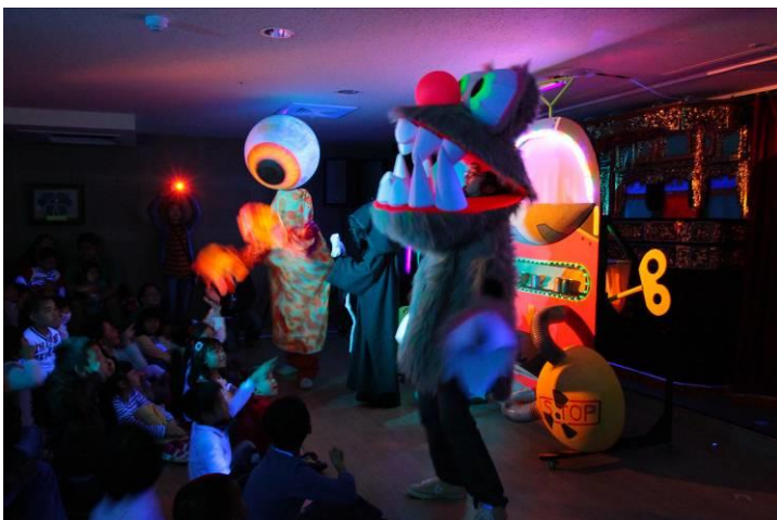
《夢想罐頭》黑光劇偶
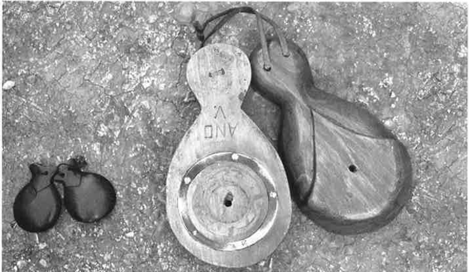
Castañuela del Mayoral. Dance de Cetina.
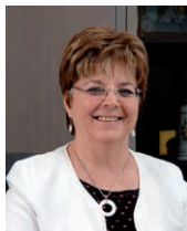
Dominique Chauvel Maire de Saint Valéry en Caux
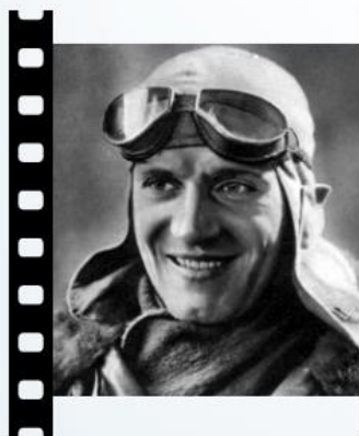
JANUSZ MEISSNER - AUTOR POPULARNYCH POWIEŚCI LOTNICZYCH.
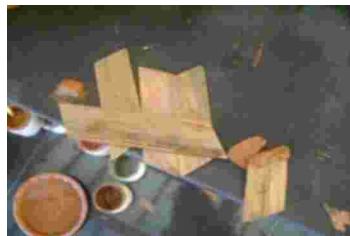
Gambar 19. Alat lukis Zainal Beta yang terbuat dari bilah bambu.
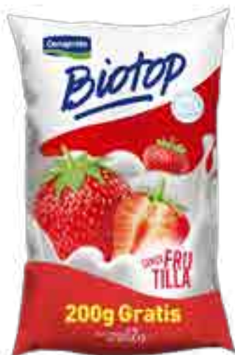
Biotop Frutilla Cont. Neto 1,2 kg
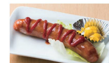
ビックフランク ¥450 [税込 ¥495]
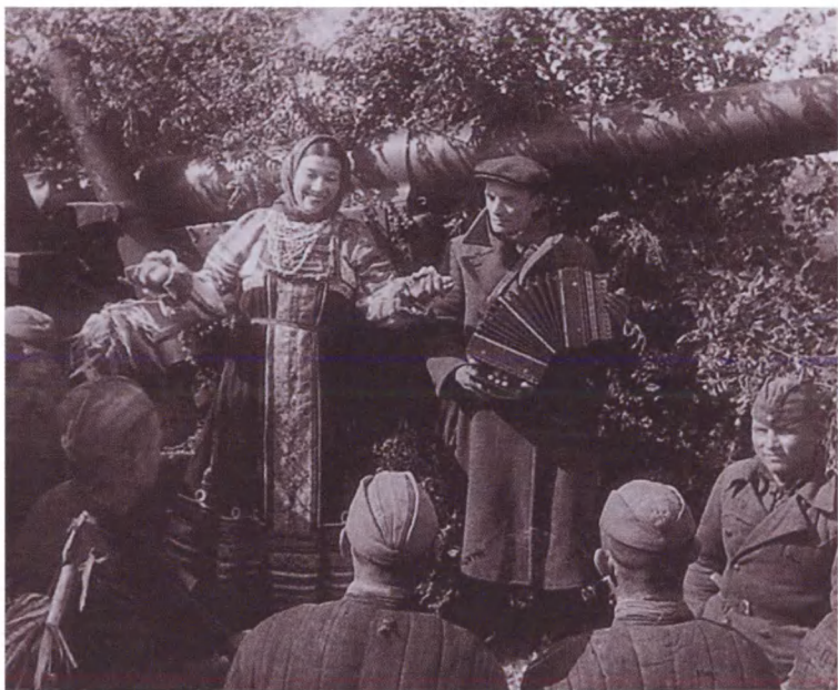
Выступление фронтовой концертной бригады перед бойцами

--

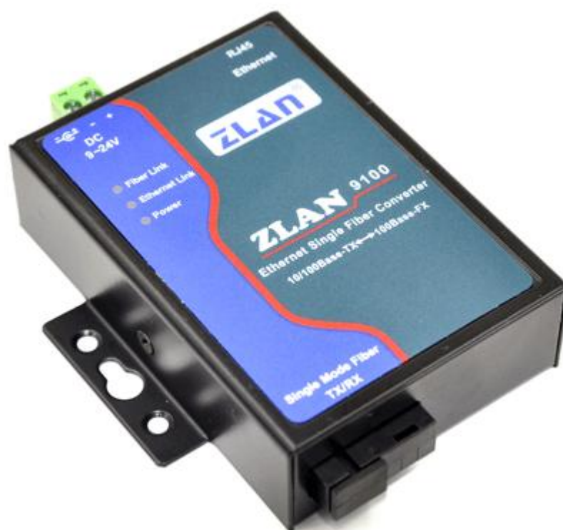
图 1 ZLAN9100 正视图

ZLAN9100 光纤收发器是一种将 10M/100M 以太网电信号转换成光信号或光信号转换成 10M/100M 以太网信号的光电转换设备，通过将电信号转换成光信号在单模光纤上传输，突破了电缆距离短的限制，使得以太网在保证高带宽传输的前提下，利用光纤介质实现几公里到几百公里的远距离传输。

Exercise objective → Above are the records; return the lines in them from the one with "Biotop Frutilla Cont. Neto 1,2 kg" to the one with "Выступление фронтовой концертной", inclusive, exactly and without images.

Your response →
Biotop Frutilla Cont. Neto 1,2 kg
ビックフランク ¥450 [税込 ¥495]
Выступление фронтовой концертной бригады перед бойцами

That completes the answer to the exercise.